> **Task data**:
###

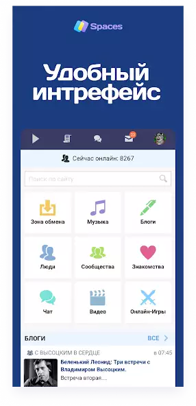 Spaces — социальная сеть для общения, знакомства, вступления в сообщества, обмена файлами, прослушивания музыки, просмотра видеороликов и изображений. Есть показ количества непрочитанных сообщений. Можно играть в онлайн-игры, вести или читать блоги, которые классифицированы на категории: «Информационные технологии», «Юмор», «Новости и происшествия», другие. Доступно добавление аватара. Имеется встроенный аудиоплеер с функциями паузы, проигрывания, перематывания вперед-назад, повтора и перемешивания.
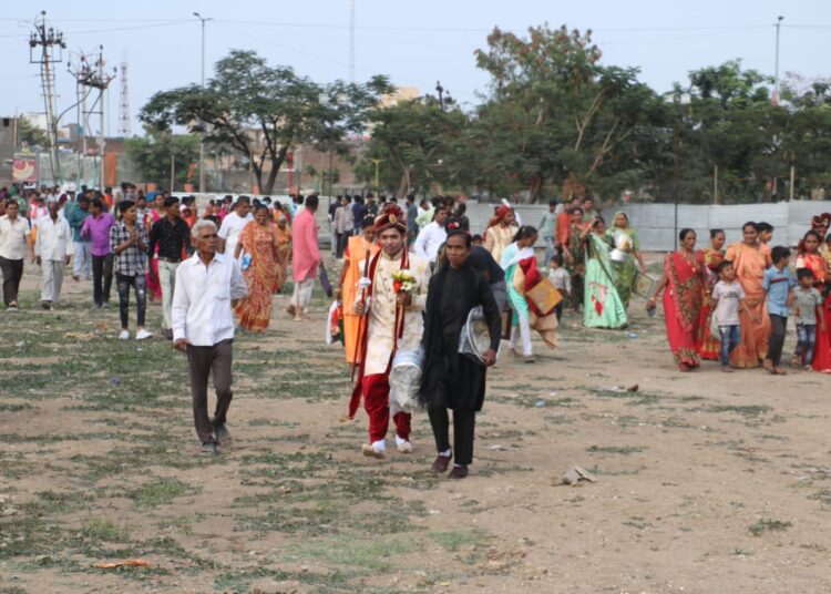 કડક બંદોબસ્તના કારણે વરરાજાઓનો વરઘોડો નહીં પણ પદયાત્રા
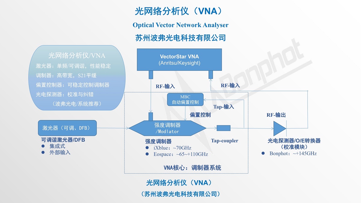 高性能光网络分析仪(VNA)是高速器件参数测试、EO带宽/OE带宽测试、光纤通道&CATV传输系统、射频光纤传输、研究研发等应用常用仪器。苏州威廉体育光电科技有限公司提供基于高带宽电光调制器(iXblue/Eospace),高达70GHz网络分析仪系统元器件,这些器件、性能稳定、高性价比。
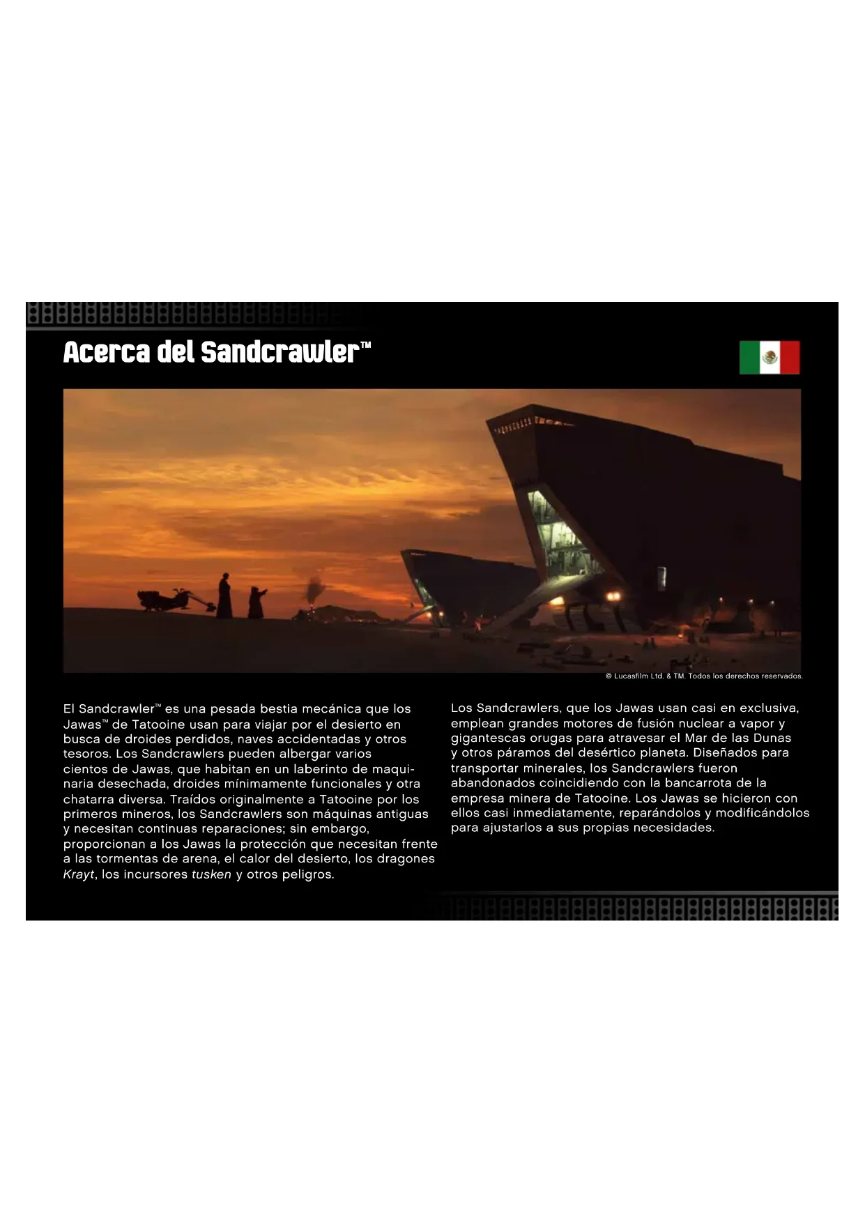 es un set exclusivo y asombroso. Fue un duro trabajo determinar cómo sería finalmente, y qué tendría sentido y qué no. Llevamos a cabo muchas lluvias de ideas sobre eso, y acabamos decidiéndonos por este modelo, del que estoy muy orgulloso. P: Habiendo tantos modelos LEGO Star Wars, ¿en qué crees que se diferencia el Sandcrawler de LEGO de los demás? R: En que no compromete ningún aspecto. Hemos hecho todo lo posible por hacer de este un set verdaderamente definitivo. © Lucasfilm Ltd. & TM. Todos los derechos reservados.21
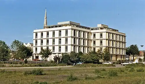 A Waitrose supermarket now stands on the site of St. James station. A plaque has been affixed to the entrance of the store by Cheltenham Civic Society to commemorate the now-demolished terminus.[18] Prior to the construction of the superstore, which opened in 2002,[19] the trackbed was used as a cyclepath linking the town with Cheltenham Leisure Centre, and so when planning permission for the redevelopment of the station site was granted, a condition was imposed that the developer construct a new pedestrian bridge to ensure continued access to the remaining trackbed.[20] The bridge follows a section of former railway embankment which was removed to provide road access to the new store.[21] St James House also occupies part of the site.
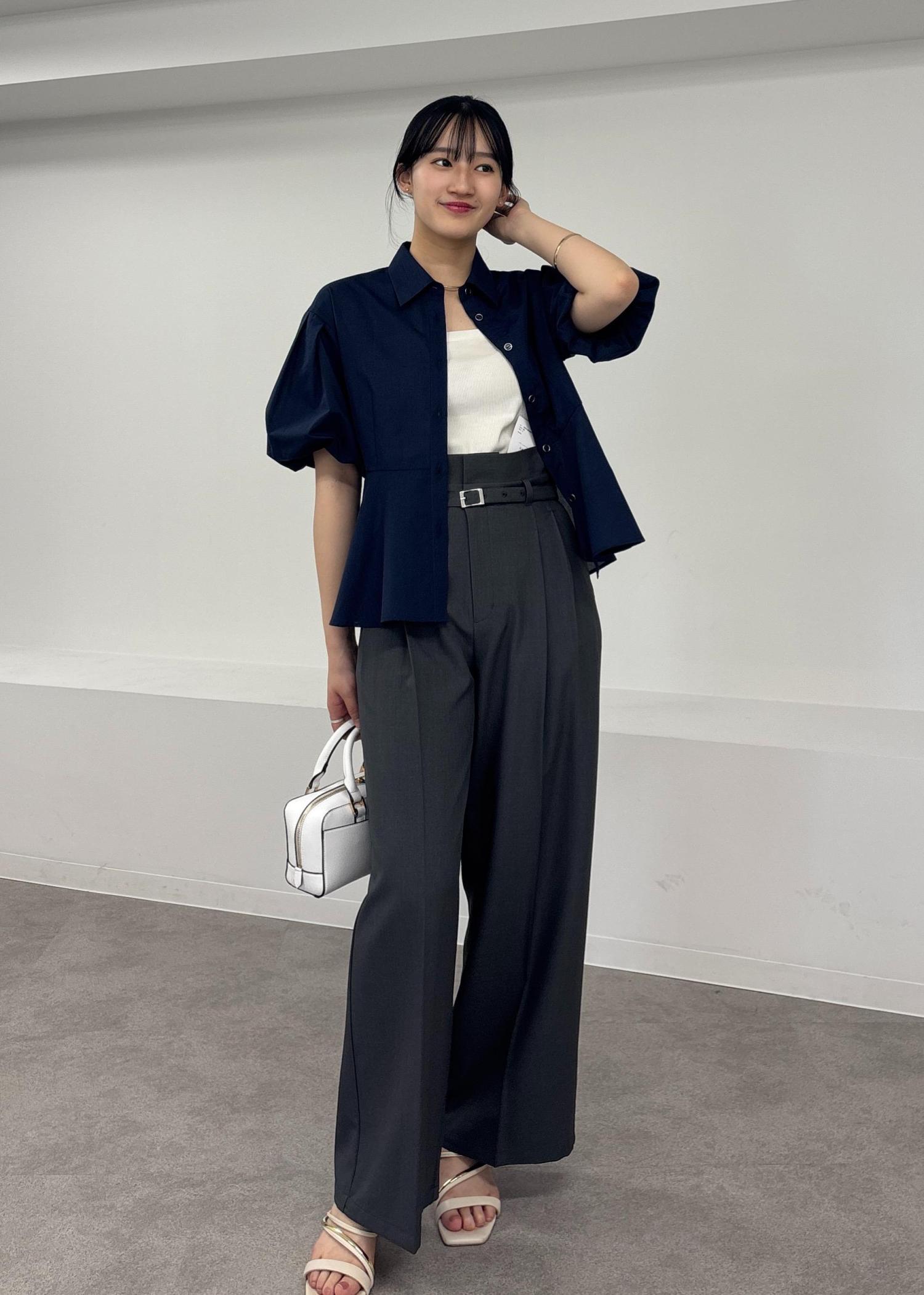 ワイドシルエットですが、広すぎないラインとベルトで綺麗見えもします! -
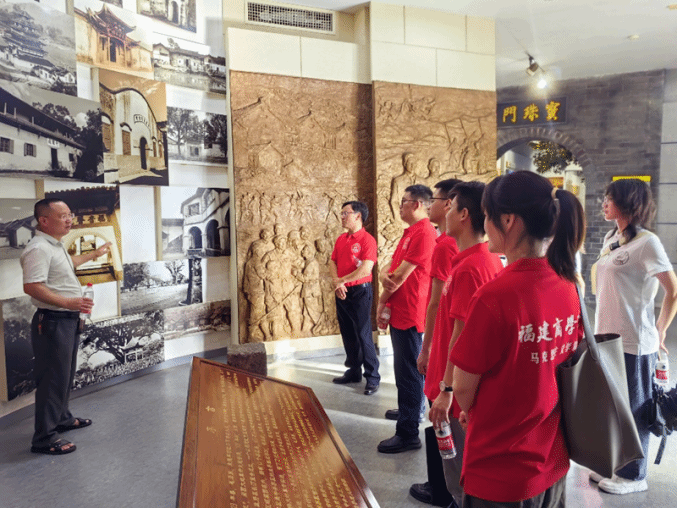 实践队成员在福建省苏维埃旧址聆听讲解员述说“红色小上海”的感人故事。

###

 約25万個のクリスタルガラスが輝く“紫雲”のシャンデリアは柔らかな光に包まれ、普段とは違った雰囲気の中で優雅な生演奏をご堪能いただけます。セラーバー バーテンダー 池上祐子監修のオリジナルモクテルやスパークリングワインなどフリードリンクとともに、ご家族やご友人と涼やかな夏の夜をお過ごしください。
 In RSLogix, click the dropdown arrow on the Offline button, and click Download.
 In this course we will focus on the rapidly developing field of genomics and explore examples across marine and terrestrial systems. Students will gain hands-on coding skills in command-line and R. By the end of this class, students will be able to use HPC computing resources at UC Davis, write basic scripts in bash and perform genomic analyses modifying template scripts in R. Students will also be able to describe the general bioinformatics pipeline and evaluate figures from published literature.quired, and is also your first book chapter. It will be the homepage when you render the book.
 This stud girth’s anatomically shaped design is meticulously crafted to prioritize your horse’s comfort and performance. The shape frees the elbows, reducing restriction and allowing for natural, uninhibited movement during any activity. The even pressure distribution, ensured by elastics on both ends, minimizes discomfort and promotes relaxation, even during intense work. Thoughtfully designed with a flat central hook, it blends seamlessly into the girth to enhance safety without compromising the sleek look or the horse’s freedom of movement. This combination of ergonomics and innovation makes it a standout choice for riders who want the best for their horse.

###

> **About this exercise**: To complete this exercise, transcribe exactly the lines above from the one that holds "કડક બંદોબસ્તના કારણે" through the one that holds "es un set exclusivo". Pictures stay out.

> **Output below**:
 કડક બંદોબસ્તના કારણે વરરાજાઓનો વરઘોડો નહીં પણ પદયાત્રા
 高性能光网络分析仪(VNA)是高速器件参数测试、EO带宽/OE带宽测试、光纤通道&CATV传输系统、射频光纤传输、研究研发等应用常用仪器。苏州威廉体育光电科技有限公司提供基于高带宽电光调制器(iXblue/Eospace),高达70GHz网络分析仪系统元器件,这些器件、性能稳定、高性价比。
 es un set exclusivo y asombroso. Fue un duro trabajo determinar cómo sería finalmente, y qué tendría sentido y qué no. Llevamos a cabo muchas lluvias de ideas sobre eso, y acabamos decidiéndonos por este modelo, del que estoy muy orgulloso. P: Habiendo tantos modelos LEGO Star Wars, ¿en qué crees que se diferencia el Sandcrawler de LEGO de los demás? R: En que no compromete ningún aspecto. Hemos hecho todo lo posible por hacer de este un set verdaderamente definitivo. © Lucasfilm Ltd. & TM. Todos los derechos reservados.21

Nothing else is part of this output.